Beneath this line sits some data. Return only its lines from the one holding "Шептало АКМ - стандартная" through the one holding "苏玛雅博物馆是大量私人艺术收", inclusive, exactly, with the images removed.

> DATASET ENTRIES:
---*---

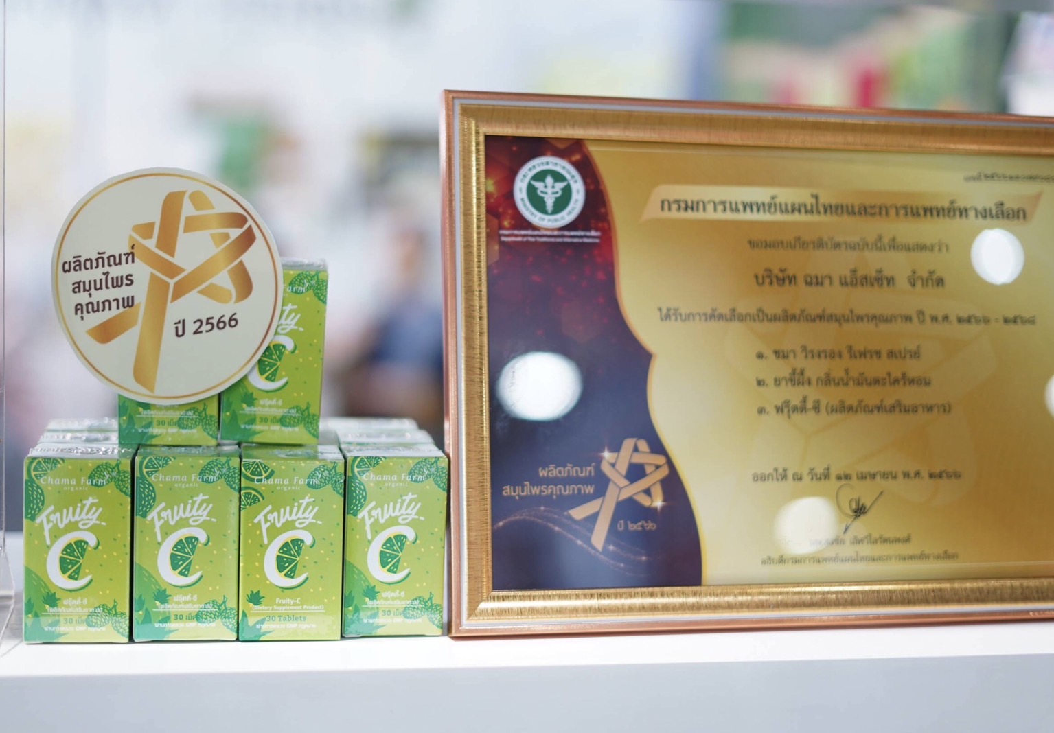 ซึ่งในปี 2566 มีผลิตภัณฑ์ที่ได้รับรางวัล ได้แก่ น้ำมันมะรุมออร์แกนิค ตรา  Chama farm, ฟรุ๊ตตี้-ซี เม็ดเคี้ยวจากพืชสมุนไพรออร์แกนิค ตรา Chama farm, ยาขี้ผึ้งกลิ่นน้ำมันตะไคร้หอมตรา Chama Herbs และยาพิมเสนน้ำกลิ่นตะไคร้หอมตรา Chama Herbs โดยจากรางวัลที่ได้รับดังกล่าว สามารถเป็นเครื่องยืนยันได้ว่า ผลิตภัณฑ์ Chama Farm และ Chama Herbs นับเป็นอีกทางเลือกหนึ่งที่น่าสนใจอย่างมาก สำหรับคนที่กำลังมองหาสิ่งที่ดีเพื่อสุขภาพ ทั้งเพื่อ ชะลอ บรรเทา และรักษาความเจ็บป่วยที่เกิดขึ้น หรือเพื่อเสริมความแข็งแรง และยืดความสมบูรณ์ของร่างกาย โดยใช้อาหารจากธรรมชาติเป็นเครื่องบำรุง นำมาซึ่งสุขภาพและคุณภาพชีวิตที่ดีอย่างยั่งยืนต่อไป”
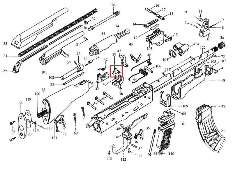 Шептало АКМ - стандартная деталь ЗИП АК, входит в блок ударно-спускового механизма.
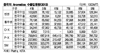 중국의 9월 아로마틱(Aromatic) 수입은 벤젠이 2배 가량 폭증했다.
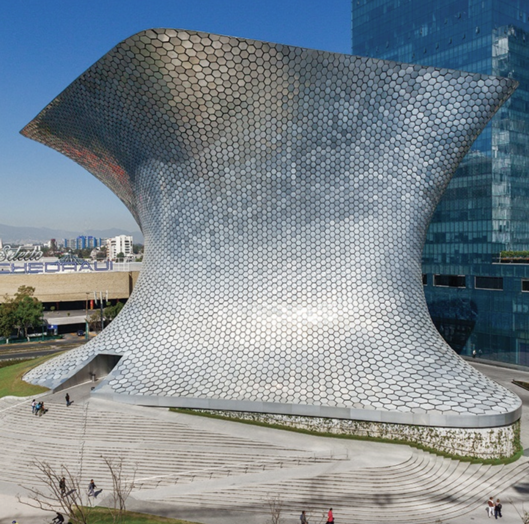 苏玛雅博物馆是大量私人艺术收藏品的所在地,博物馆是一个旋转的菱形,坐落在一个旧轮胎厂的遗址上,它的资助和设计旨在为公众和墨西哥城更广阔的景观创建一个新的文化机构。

---*---

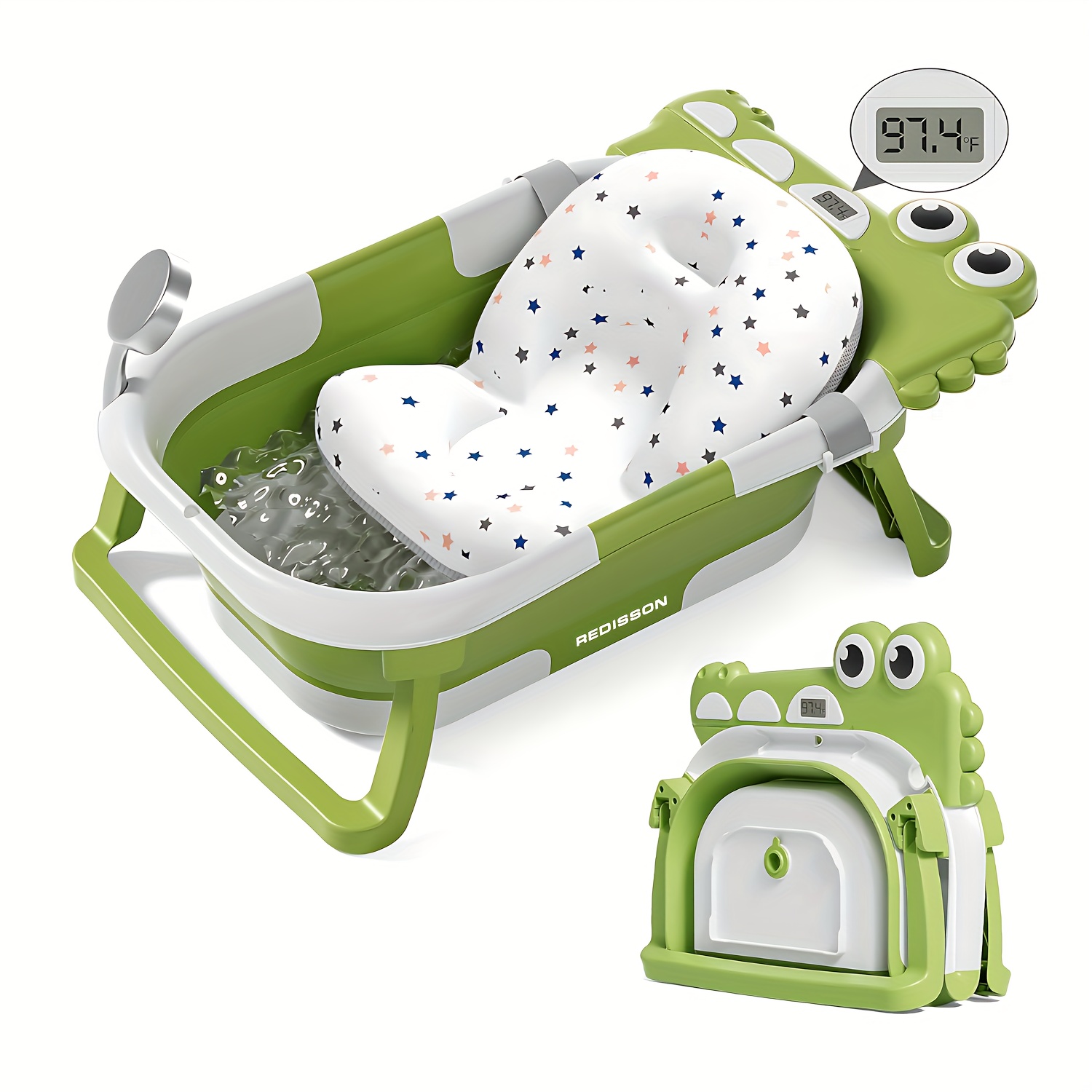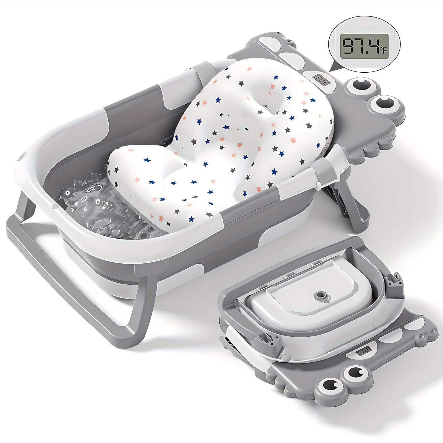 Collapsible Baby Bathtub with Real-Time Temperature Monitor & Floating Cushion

---*---

> YOUR SOLUTION:
 Шептало АКМ - стандартная деталь ЗИП АК, входит в блок ударно-спускового механизма.
 중국의 9월 아로마틱(Aromatic) 수입은 벤젠이 2배 가량 폭증했다.
 苏玛雅博物馆是大量私人艺术收藏品的所在地,博物馆是一个旋转的菱形,坐落在一个旧轮胎厂的遗址上,它的资助和设计旨在为公众和墨西哥城更广阔的景观创建一个新的文化机构。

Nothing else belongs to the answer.